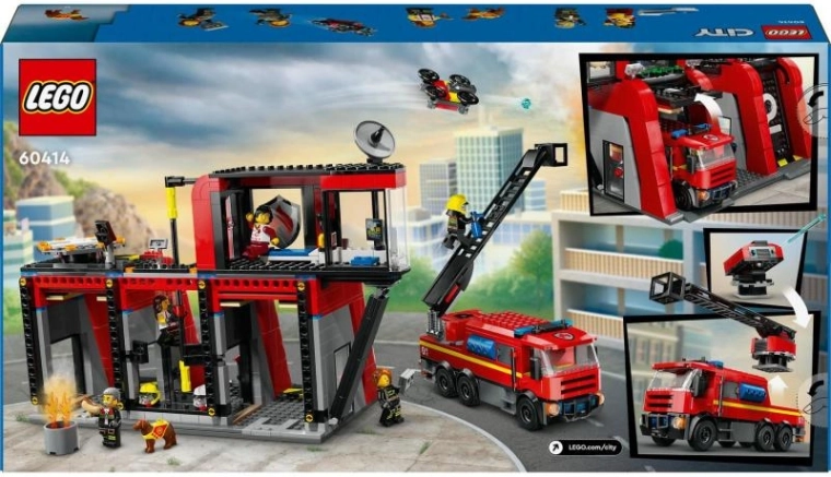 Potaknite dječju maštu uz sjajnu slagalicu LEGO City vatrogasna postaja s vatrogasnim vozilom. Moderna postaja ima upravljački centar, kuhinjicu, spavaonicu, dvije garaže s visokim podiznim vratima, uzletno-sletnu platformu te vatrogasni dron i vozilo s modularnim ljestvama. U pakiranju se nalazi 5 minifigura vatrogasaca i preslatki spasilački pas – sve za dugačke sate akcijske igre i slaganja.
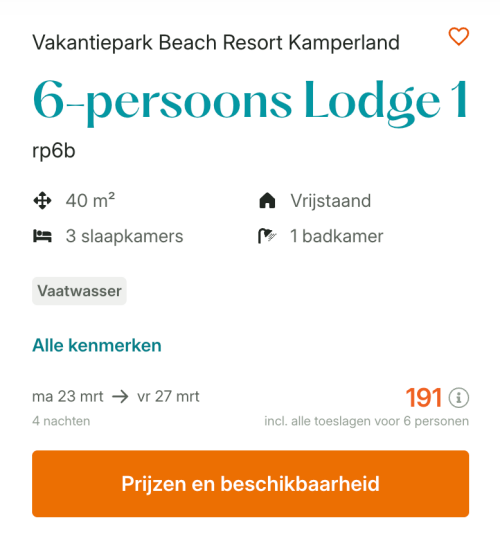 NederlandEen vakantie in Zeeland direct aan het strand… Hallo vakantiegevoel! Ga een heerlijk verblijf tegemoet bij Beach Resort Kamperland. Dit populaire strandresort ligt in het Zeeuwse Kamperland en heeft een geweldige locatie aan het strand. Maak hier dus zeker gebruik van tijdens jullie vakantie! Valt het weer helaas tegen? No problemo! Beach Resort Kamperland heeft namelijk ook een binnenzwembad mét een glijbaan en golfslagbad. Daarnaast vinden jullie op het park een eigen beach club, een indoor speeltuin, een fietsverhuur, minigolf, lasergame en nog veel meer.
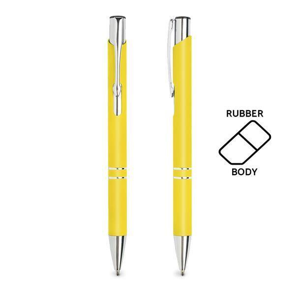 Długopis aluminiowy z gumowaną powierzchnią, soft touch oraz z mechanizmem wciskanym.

※

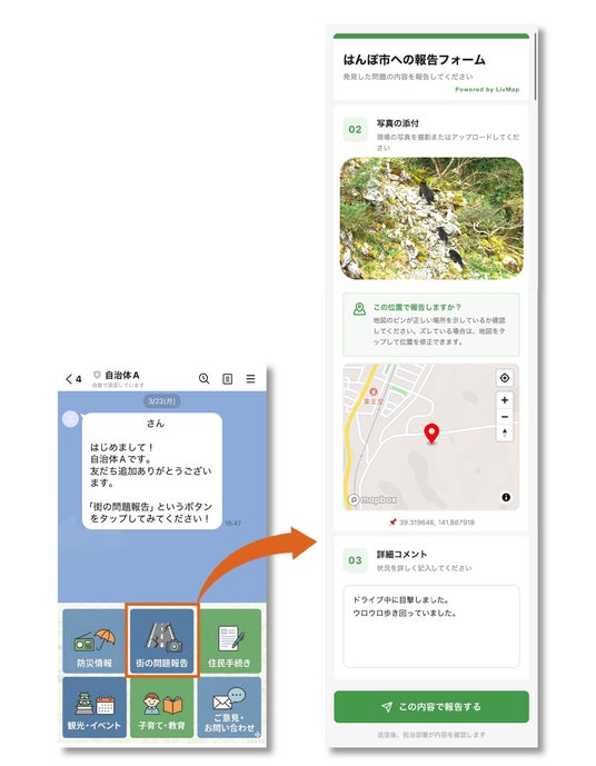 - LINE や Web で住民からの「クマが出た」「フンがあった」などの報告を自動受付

※

Reproduce the lines above beginning at the line that contains "NederlandEen vakantie in" and ending at the line that contains "Długopis aluminiowy z". No pictures.

▶ _Result for this exercise_
 NederlandEen vakantie in Zeeland direct aan het strand… Hallo vakantiegevoel! Ga een heerlijk verblijf tegemoet bij Beach Resort Kamperland. Dit populaire strandresort ligt in het Zeeuwse Kamperland en heeft een geweldige locatie aan het strand. Maak hier dus zeker gebruik van tijdens jullie vakantie! Valt het weer helaas tegen? No problemo! Beach Resort Kamperland heeft namelijk ook een binnenzwembad mét een glijbaan en golfslagbad. Daarnaast vinden jullie op het park een eigen beach club, een indoor speeltuin, een fietsverhuur, minigolf, lasergame en nog veel meer.
 Długopis aluminiowy z gumowaną powierzchnią, soft touch oraz z mechanizmem wciskanym.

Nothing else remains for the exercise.